*Instructions for the task*.
Your reply should restate the lines from the top of the entries through the line containing "青年团校(初级班)新营员代表" word for word, with no pictures.

*Source data*.
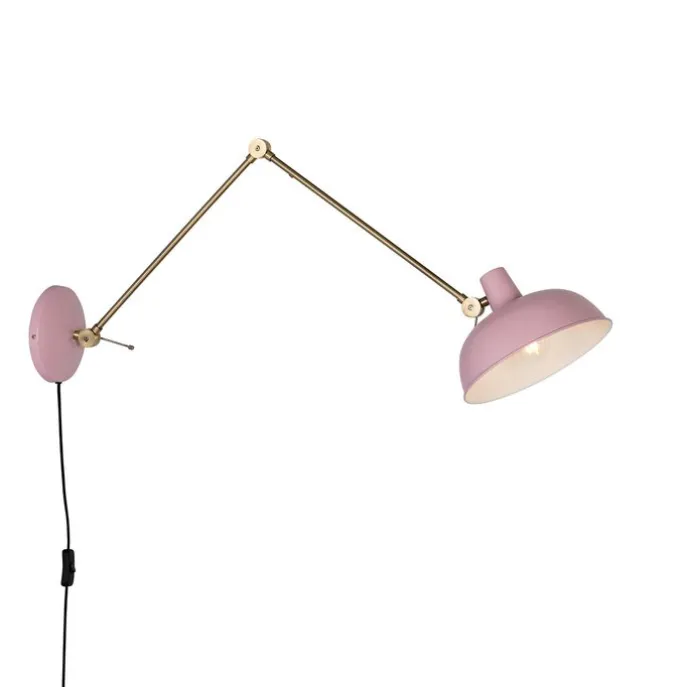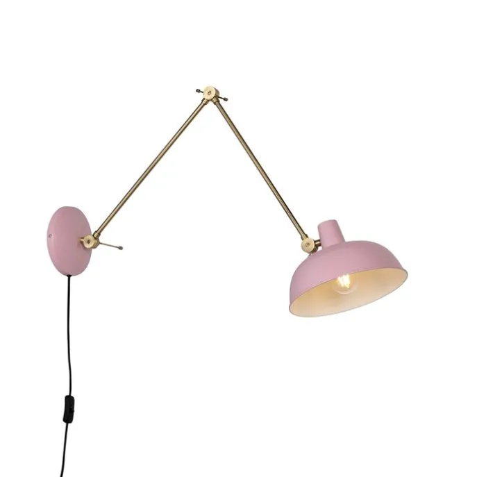 Retro wandlamp staal roze met brons – Milou
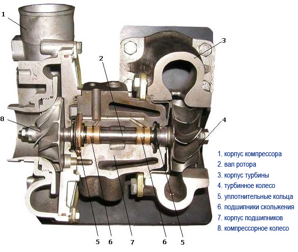 Устройство турбокомпрессора в разрезеИспользование иных масляных уплотнений в турбокомпрессорах (например сальников, манжет и т.д.) не представляется возможным из-за огромных скоростей вращения валов, при которых контактные системы уплотнений во-первых создадут слишком большое сопротивление вращению вала, во-вторых слишком быстро выйдут из строя. Правда существуют так называемые карбоновые масляные уплотнения — аналог сальниковых уплотнений (такие уплотнения применяются в автомобильных водяных насосах), но карбоновые уплотнения применяются только на низкооборотистых турбинах (до 80 тыс. об/мин), и то далеко не на всех. Итак, основным условием нормальной работы турбокомпрессора (в плане отсутствия утечек масла) является нормальная работа его динамических уплотнений. Динамические уплотнения, в свою очередь, могут нормально работать только в воздушном пространстве, то есть только тогда, когда внутренняя полость корпуса подшипников свободна от моторного масла. Если корпус подшипников по каким-либо причинам заполняется ("подпирается") маслом или нарушается баланс давлений внутри корпуса подшипников и извне его, динамические уплотнения практически перестают работать, происходит утечка масла через уплотнительные кольца в корпус комрессора и в корпус турбины.Рассмотрим причины, по которым возникает такая ситуация
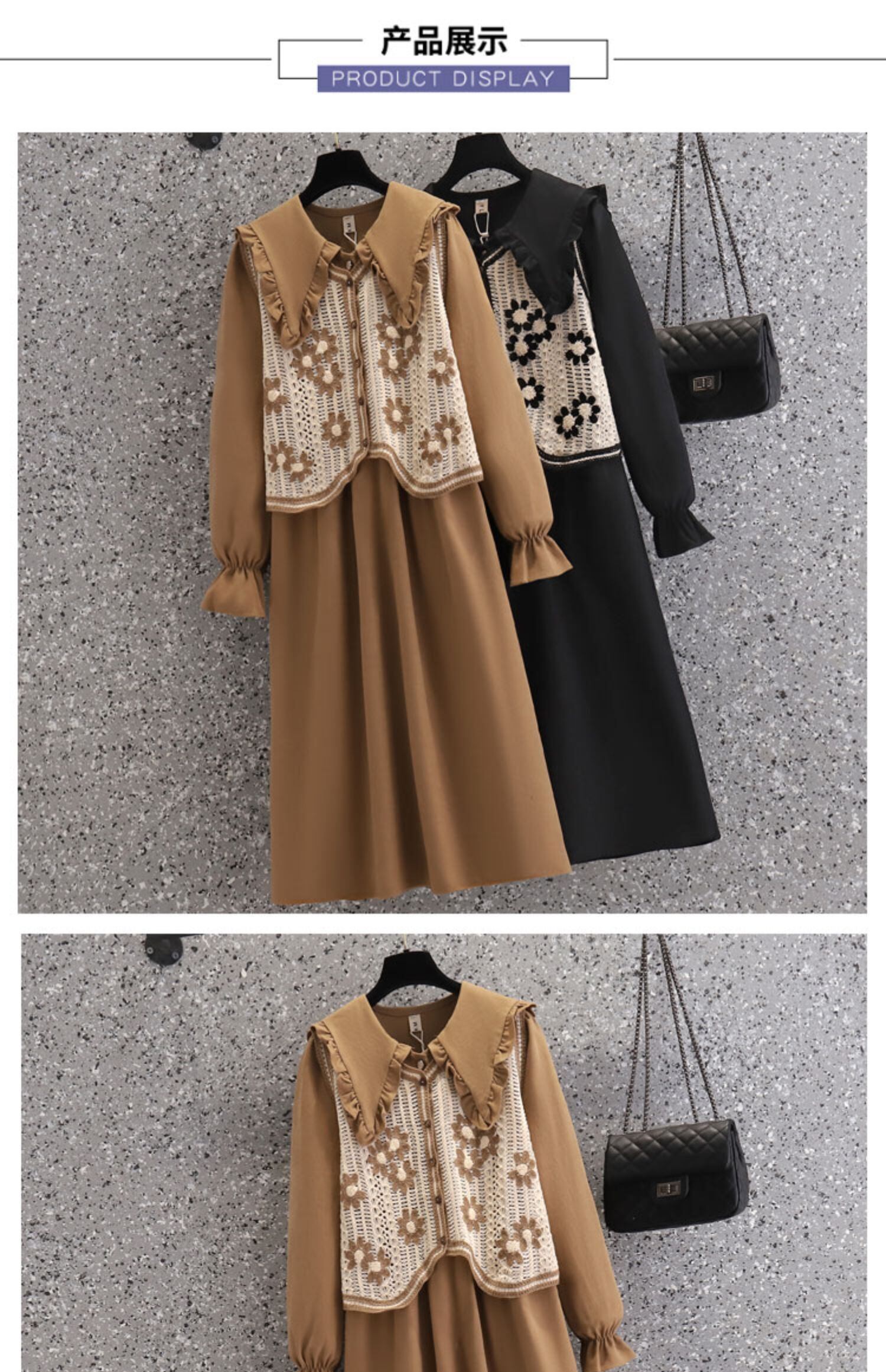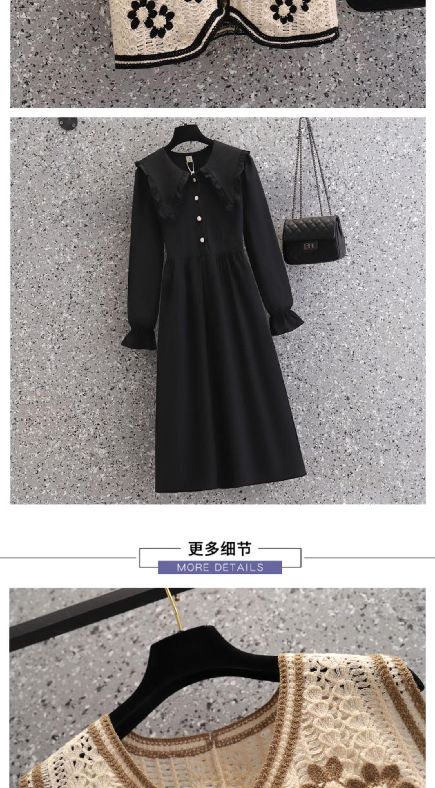 大きいサイズの婦人服 2022 ファットシスター秋の新しいベストフレンチレトロウエストスリムドレス 2 点セット 大きめサイズ オータム 秋物 8884124045283209
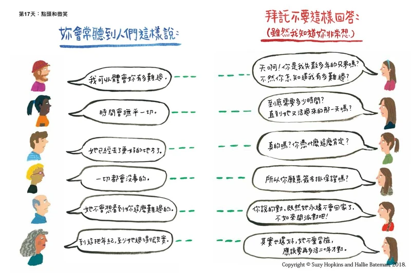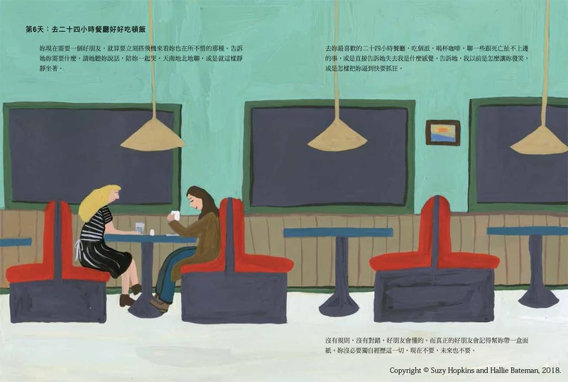 沒有規則,沒有對錯,好朋友會懂的。而真正的好朋友會記得幫妳帶一盒面紙。妳沒必要獨自經歷這一切,現在不要,未來也不要。
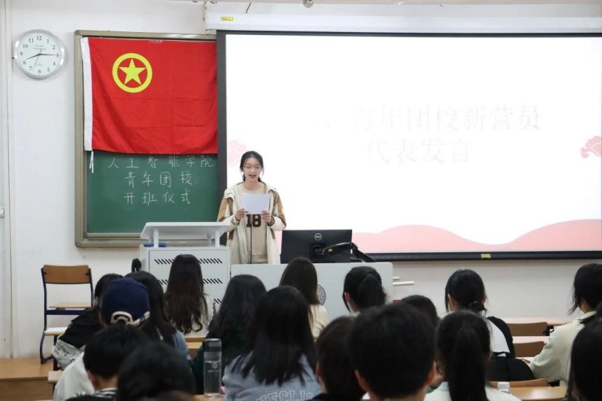 青年团校(初级班)新营员代表周飞翼同学发言。她分享了自己对于青年团校(初级班)的认识和期待,呼吁全体营员珍惜青年团校的学习机会,努力学习,积极上进,在实践中增长才干,争取早日成为一名新时期的有为青年。
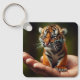 Dieser Schlüsselanhänger hat einen niedlichen Tiger darauf.
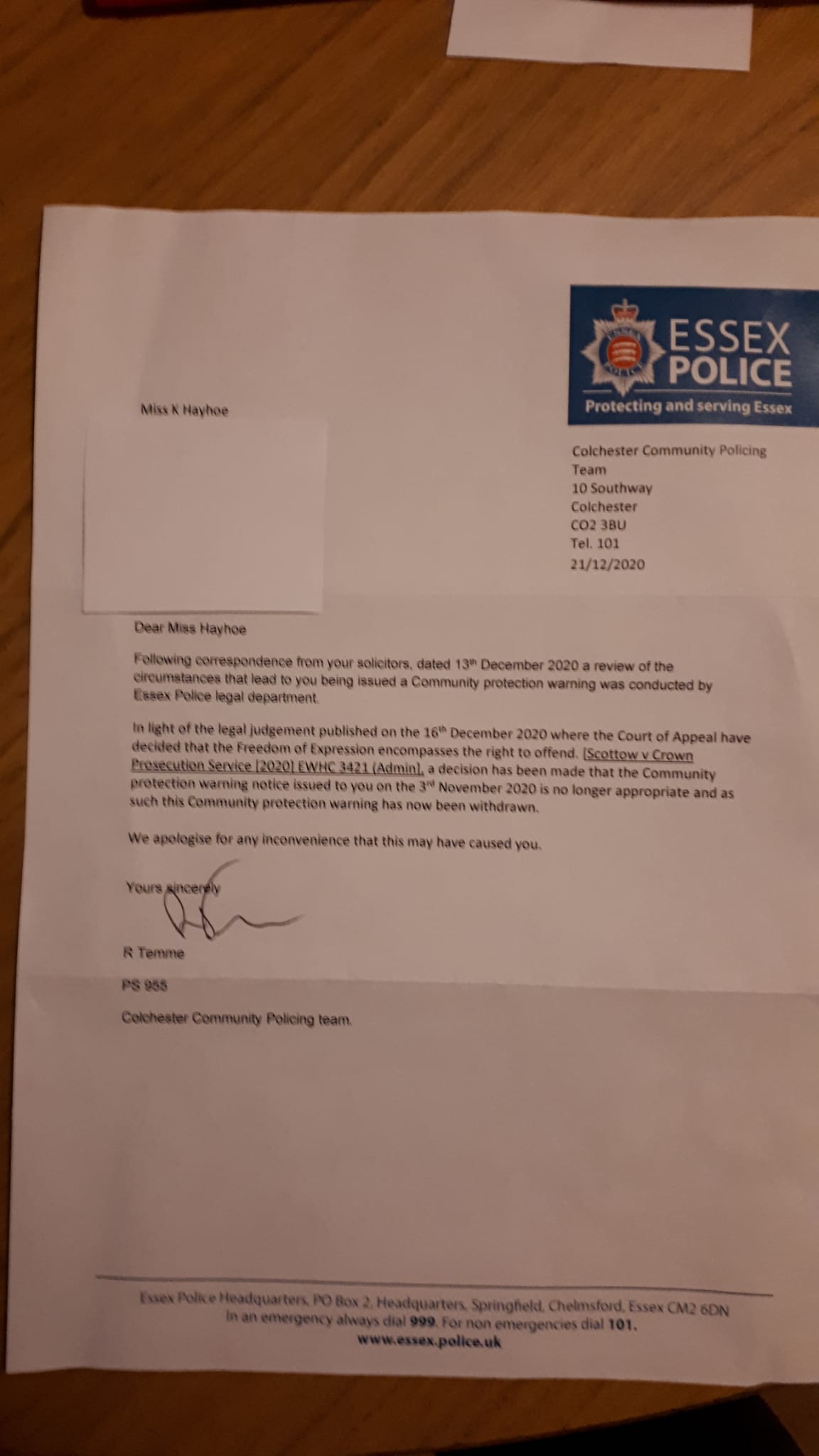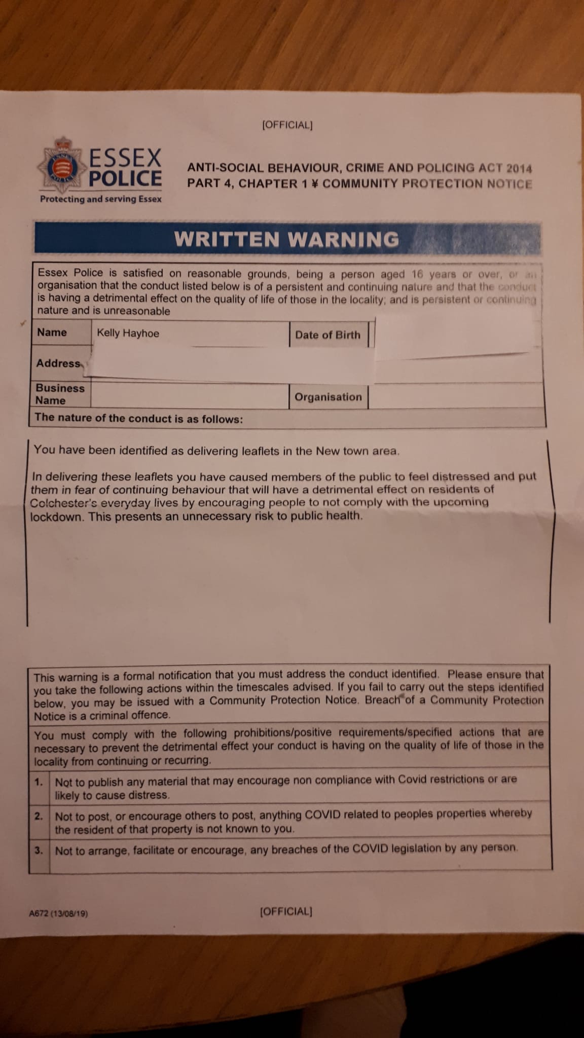 However, due to the contents of her leaflets the police paid her a visit and issued a warning stating that her anti-lockdown literature was causing distress to residents.

*Worked solution*.
 Retro wandlamp staal roze met brons – Milou
 Устройство турбокомпрессора в разрезеИспользование иных масляных уплотнений в турбокомпрессорах (например сальников, манжет и т.д.) не представляется возможным из-за огромных скоростей вращения валов, при которых контактные системы уплотнений во-первых создадут слишком большое сопротивление вращению вала, во-вторых слишком быстро выйдут из строя. Правда существуют так называемые карбоновые масляные уплотнения — аналог сальниковых уплотнений (такие уплотнения применяются в автомобильных водяных насосах), но карбоновые уплотнения применяются только на низкооборотистых турбинах (до 80 тыс. об/мин), и то далеко не на всех. Итак, основным условием нормальной работы турбокомпрессора (в плане отсутствия утечек масла) является нормальная работа его динамических уплотнений. Динамические уплотнения, в свою очередь, могут нормально работать только в воздушном пространстве, то есть только тогда, когда внутренняя полость корпуса подшипников свободна от моторного масла. Если корпус подшипников по каким-либо причинам заполняется ("подпирается") маслом или нарушается баланс давлений внутри корпуса подшипников и извне его, динамические уплотнения практически перестают работать, происходит утечка масла через уплотнительные кольца в корпус комрессора и в корпус турбины.Рассмотрим причины, по которым возникает такая ситуация
 大きいサイズの婦人服 2022 ファットシスター秋の新しいベストフレンチレトロウエストスリムドレス 2 点セット 大きめサイズ オータム 秋物 8884124045283209
 沒有規則,沒有對錯,好朋友會懂的。而真正的好朋友會記得幫妳帶一盒面紙。妳沒必要獨自經歷這一切,現在不要,未來也不要。
 青年团校(初级班)新营员代表周飞翼同学发言。她分享了自己对于青年团校(初级班)的认识和期待,呼吁全体营员珍惜青年团校的学习机会,努力学习,积极上进,在实践中增长才干,争取早日成为一名新时期的有为青年。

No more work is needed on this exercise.